Segundo Yang, essas conversas implicariam a aceitação de uma dissuasão mínima e exigiriam o alívio das sanções, diferindo fundamentalmente das propostas de desnuclearização gradual, como as apresentadas pelo presidente sul-coreano Lee Jae Myung ao presidente dos EUA, Donald Trump, na cúpula do G7. Yang afirmou que as referências feitas na reunião do partido ao Grupo Consultivo Nuclear EUA-Coreia do Sul, um órgão criado para deter a ameaça nuclear da Coreia do Norte, e às ambições de Seul de desenvolver um submarino de propulsão nuclear estavam sendo usadas por Pyongyang para justificar seu programa nuclear. A Coreia do Norte desafiou uma série de sanções impostas pelas Nações Unidas e pelos Estados Unidos entre 2006 e 2017, que proibiam Pyongyang de desenvolver armas nucleares e mísseis balísticos.

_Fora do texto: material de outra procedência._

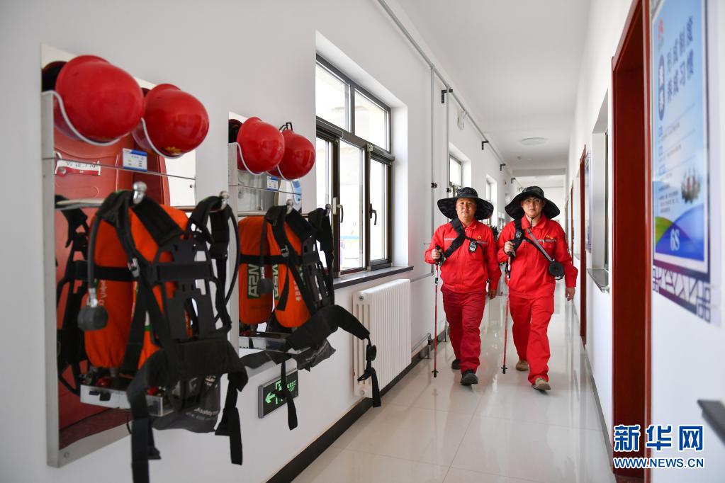 4月28日,巡線隊(duì)員侯勵(lì)峰、曹碩(右)從住地出發(fā)準(zhǔn)備開(kāi)始巡線。新華社記者 張博文 攝
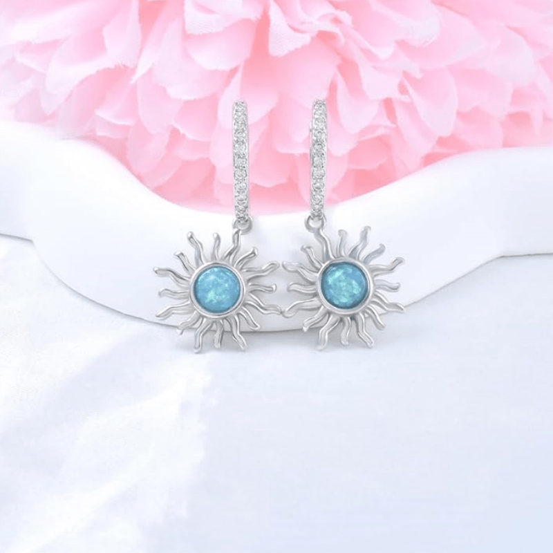 Elevate your vacation or party look with these stunning dangle earrings featuring a sun pendant and synthetic turquoise. Made with copper nickel plating, these earrings are perfect for adding a touch of boho chic to your outfit.
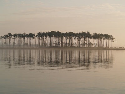 The character of the trees continues to change nearly every day. This morning I was struck with how nice a view we had of the pines on shore. Not sure what the name of these kinds are but I’ll bet that they use them for telephone poles. Perhaps “Pole Pines?”. Hmm…
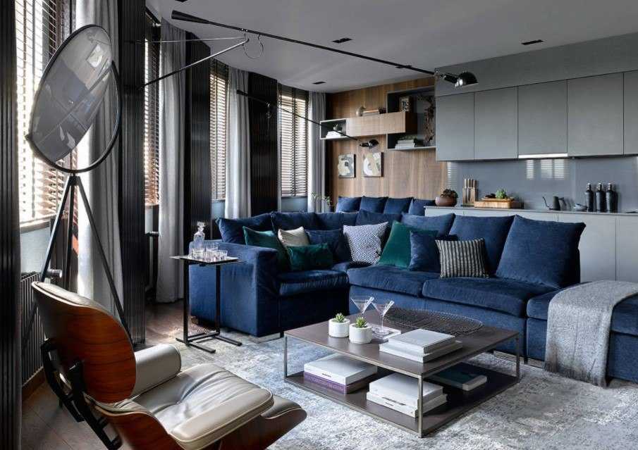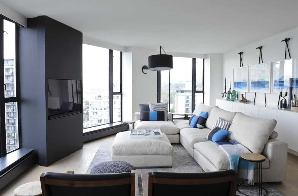 Черно-белая гостиная с синими акцентами
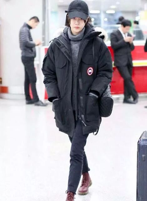 黑色的羽絨服看起來特別的保暖了,搭配了黑色的牛仔褲穿起來非常的顯瘦,特別的纖細的小腿就凸顯了出來,很好看
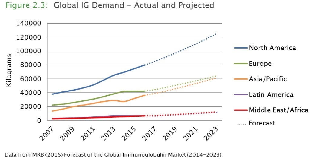 Here's a figure showing the growth in demand for immunoglobulin products, which come from blood plasma

O país declarou-se um Estado nuclear e afirmou que nada o convenceria a abandonar suas armas atômicas, apesar de anos de esforços diplomáticos dos EUA, da China e da Coreia do Sul.

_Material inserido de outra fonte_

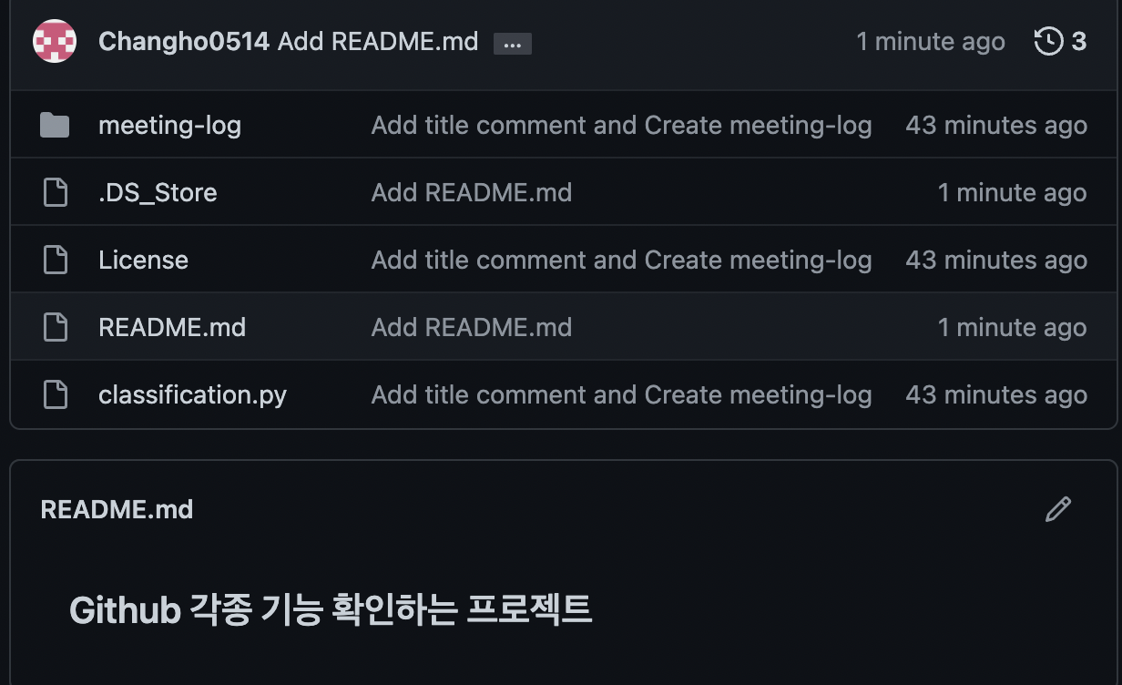 github 홈페이지에서 README.md 파일을 직접 수정하고

Prioridade na modernização da indústria do carvão

A reunião do partido também destacou o esforço para modernizar a indústria do carvão e revitalizar as comunidades mineiras, o que Kim descreveu como uma prioridade estratégica. 'O carvão continua sendo, efetivamente, o principal recurso energético da Coreia do Norte', disse Yang, observando os planos de modernização do setor com o objetivo de aliviar a escassez crônica de energia.